The answer must consist of the entries, copied exactly and in full.

(Items from a data source)
┌────────
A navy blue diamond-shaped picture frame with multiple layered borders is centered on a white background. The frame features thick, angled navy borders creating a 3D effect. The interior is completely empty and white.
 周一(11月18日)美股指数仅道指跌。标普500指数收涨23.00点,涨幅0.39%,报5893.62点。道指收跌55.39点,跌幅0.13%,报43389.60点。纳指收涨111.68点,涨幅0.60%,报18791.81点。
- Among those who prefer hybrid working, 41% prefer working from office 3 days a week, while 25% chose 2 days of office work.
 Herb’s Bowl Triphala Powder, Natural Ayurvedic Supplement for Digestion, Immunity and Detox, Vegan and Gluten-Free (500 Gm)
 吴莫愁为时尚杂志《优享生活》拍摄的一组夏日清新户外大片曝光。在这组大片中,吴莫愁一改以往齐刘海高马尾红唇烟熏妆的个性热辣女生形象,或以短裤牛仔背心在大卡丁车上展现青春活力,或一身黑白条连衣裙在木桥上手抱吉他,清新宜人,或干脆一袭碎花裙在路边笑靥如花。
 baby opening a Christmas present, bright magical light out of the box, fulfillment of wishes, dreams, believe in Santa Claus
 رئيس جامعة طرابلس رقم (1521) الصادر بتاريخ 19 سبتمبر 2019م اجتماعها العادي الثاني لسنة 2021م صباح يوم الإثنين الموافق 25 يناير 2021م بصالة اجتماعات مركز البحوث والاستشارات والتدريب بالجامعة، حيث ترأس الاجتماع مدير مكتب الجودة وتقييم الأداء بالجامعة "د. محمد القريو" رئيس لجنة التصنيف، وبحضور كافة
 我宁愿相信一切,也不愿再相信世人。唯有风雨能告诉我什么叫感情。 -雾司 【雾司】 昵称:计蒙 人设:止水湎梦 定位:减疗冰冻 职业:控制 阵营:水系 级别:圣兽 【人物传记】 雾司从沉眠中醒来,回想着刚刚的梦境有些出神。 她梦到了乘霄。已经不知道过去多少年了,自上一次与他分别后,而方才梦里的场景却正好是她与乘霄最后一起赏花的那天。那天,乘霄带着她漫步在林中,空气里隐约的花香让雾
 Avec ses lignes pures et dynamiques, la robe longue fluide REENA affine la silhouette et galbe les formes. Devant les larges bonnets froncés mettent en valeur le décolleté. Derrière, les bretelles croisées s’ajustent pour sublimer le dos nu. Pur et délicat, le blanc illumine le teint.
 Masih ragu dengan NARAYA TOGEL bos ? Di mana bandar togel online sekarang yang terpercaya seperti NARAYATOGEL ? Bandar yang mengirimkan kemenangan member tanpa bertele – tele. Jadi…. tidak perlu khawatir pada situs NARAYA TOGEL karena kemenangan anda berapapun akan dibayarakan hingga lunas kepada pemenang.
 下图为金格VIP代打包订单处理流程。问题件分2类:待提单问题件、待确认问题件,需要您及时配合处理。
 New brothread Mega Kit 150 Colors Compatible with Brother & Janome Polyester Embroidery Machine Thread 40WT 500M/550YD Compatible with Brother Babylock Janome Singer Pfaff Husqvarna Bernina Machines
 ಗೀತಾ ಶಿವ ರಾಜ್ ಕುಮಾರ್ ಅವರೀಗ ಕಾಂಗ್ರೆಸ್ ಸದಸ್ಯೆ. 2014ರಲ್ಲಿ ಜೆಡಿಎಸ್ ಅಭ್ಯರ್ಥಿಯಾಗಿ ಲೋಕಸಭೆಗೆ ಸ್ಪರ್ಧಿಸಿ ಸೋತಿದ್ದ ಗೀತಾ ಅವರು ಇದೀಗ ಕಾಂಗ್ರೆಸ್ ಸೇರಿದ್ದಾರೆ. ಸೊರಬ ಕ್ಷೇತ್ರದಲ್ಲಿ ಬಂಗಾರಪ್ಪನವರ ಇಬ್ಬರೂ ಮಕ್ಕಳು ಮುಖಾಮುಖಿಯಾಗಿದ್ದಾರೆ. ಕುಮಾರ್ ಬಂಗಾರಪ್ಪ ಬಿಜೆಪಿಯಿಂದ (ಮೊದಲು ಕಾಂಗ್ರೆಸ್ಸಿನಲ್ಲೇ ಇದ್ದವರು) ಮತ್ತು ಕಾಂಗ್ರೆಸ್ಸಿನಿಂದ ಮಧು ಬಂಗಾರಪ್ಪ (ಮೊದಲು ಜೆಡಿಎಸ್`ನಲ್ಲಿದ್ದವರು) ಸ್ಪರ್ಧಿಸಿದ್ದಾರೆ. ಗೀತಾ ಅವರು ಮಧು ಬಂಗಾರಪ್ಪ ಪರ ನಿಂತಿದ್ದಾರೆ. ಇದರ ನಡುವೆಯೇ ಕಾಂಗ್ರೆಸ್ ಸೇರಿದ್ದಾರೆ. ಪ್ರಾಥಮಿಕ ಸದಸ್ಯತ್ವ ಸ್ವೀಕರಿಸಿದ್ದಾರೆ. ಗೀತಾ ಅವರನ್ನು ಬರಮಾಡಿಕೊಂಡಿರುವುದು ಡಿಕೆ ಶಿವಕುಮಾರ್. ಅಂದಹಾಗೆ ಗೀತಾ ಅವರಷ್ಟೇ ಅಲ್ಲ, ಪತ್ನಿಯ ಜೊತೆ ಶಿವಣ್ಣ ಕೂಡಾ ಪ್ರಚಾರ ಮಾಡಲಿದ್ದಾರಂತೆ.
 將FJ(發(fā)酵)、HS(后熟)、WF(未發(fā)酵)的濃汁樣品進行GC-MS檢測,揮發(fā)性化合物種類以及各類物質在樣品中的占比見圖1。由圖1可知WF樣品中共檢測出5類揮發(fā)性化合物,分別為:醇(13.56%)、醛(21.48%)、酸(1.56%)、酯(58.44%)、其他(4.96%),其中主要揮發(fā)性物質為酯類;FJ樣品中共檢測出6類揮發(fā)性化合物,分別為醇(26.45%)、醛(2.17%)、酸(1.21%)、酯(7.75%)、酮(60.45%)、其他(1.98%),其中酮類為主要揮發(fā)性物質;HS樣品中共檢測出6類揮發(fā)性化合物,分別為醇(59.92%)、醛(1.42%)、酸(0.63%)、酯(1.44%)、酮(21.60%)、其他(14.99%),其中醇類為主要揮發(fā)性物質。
└────────
*Exercise solution*:
A navy blue diamond-shaped picture frame with multiple layered borders is centered on a white background. The frame features thick, angled navy borders creating a 3D effect. The interior is completely empty and white.
 周一(11月18日)美股指数仅道指跌。标普500指数收涨23.00点,涨幅0.39%,报5893.62点。道指收跌55.39点,跌幅0.13%,报43389.60点。纳指收涨111.68点,涨幅0.60%,报18791.81点。
- Among those who prefer hybrid working, 41% prefer working from office 3 days a week, while 25% chose 2 days of office work.
 Herb’s Bowl Triphala Powder, Natural Ayurvedic Supplement for Digestion, Immunity and Detox, Vegan and Gluten-Free (500 Gm)
 吴莫愁为时尚杂志《优享生活》拍摄的一组夏日清新户外大片曝光。在这组大片中,吴莫愁一改以往齐刘海高马尾红唇烟熏妆的个性热辣女生形象,或以短裤牛仔背心在大卡丁车上展现青春活力,或一身黑白条连衣裙在木桥上手抱吉他,清新宜人,或干脆一袭碎花裙在路边笑靥如花。
 baby opening a Christmas present, bright magical light out of the box, fulfillment of wishes, dreams, believe in Santa Claus
 رئيس جامعة طرابلس رقم (1521) الصادر بتاريخ 19 سبتمبر 2019م اجتماعها العادي الثاني لسنة 2021م صباح يوم الإثنين الموافق 25 يناير 2021م بصالة اجتماعات مركز البحوث والاستشارات والتدريب بالجامعة، حيث ترأس الاجتماع مدير مكتب الجودة وتقييم الأداء بالجامعة "د. محمد القريو" رئيس لجنة التصنيف، وبحضور كافة
 我宁愿相信一切,也不愿再相信世人。唯有风雨能告诉我什么叫感情。 -雾司 【雾司】 昵称:计蒙 人设:止水湎梦 定位:减疗冰冻 职业:控制 阵营:水系 级别:圣兽 【人物传记】 雾司从沉眠中醒来,回想着刚刚的梦境有些出神。 她梦到了乘霄。已经不知道过去多少年了,自上一次与他分别后,而方才梦里的场景却正好是她与乘霄最后一起赏花的那天。那天,乘霄带着她漫步在林中,空气里隐约的花香让雾
 Avec ses lignes pures et dynamiques, la robe longue fluide REENA affine la silhouette et galbe les formes. Devant les larges bonnets froncés mettent en valeur le décolleté. Derrière, les bretelles croisées s’ajustent pour sublimer le dos nu. Pur et délicat, le blanc illumine le teint.
 Masih ragu dengan NARAYA TOGEL bos ? Di mana bandar togel online sekarang yang terpercaya seperti NARAYATOGEL ? Bandar yang mengirimkan kemenangan member tanpa bertele – tele. Jadi…. tidak perlu khawatir pada situs NARAYA TOGEL karena kemenangan anda berapapun akan dibayarakan hingga lunas kepada pemenang.
 下图为金格VIP代打包订单处理流程。问题件分2类:待提单问题件、待确认问题件,需要您及时配合处理。
 New brothread Mega Kit 150 Colors Compatible with Brother & Janome Polyester Embroidery Machine Thread 40WT 500M/550YD Compatible with Brother Babylock Janome Singer Pfaff Husqvarna Bernina Machines
 ಗೀತಾ ಶಿವ ರಾಜ್ ಕುಮಾರ್ ಅವರೀಗ ಕಾಂಗ್ರೆಸ್ ಸದಸ್ಯೆ. 2014ರಲ್ಲಿ ಜೆಡಿಎಸ್ ಅಭ್ಯರ್ಥಿಯಾಗಿ ಲೋಕಸಭೆಗೆ ಸ್ಪರ್ಧಿಸಿ ಸೋತಿದ್ದ ಗೀತಾ ಅವರು ಇದೀಗ ಕಾಂಗ್ರೆಸ್ ಸೇರಿದ್ದಾರೆ. ಸೊರಬ ಕ್ಷೇತ್ರದಲ್ಲಿ ಬಂಗಾರಪ್ಪನವರ ಇಬ್ಬರೂ ಮಕ್ಕಳು ಮುಖಾಮುಖಿಯಾಗಿದ್ದಾರೆ. ಕುಮಾರ್ ಬಂಗಾರಪ್ಪ ಬಿಜೆಪಿಯಿಂದ (ಮೊದಲು ಕಾಂಗ್ರೆಸ್ಸಿನಲ್ಲೇ ಇದ್ದವರು) ಮತ್ತು ಕಾಂಗ್ರೆಸ್ಸಿನಿಂದ ಮಧು ಬಂಗಾರಪ್ಪ (ಮೊದಲು ಜೆಡಿಎಸ್`ನಲ್ಲಿದ್ದವರು) ಸ್ಪರ್ಧಿಸಿದ್ದಾರೆ. ಗೀತಾ ಅವರು ಮಧು ಬಂಗಾರಪ್ಪ ಪರ ನಿಂತಿದ್ದಾರೆ. ಇದರ ನಡುವೆಯೇ ಕಾಂಗ್ರೆಸ್ ಸೇರಿದ್ದಾರೆ. ಪ್ರಾಥಮಿಕ ಸದಸ್ಯತ್ವ ಸ್ವೀಕರಿಸಿದ್ದಾರೆ. ಗೀತಾ ಅವರನ್ನು ಬರಮಾಡಿಕೊಂಡಿರುವುದು ಡಿಕೆ ಶಿವಕುಮಾರ್. ಅಂದಹಾಗೆ ಗೀತಾ ಅವರಷ್ಟೇ ಅಲ್ಲ, ಪತ್ನಿಯ ಜೊತೆ ಶಿವಣ್ಣ ಕೂಡಾ ಪ್ರಚಾರ ಮಾಡಲಿದ್ದಾರಂತೆ.
 將FJ(發(fā)酵)、HS(后熟)、WF(未發(fā)酵)的濃汁樣品進行GC-MS檢測,揮發(fā)性化合物種類以及各類物質在樣品中的占比見圖1。由圖1可知WF樣品中共檢測出5類揮發(fā)性化合物,分別為:醇(13.56%)、醛(21.48%)、酸(1.56%)、酯(58.44%)、其他(4.96%),其中主要揮發(fā)性物質為酯類;FJ樣品中共檢測出6類揮發(fā)性化合物,分別為醇(26.45%)、醛(2.17%)、酸(1.21%)、酯(7.75%)、酮(60.45%)、其他(1.98%),其中酮類為主要揮發(fā)性物質;HS樣品中共檢測出6類揮發(fā)性化合物,分別為醇(59.92%)、醛(1.42%)、酸(0.63%)、酯(1.44%)、酮(21.60%)、其他(14.99%),其中醇類為主要揮發(fā)性物質。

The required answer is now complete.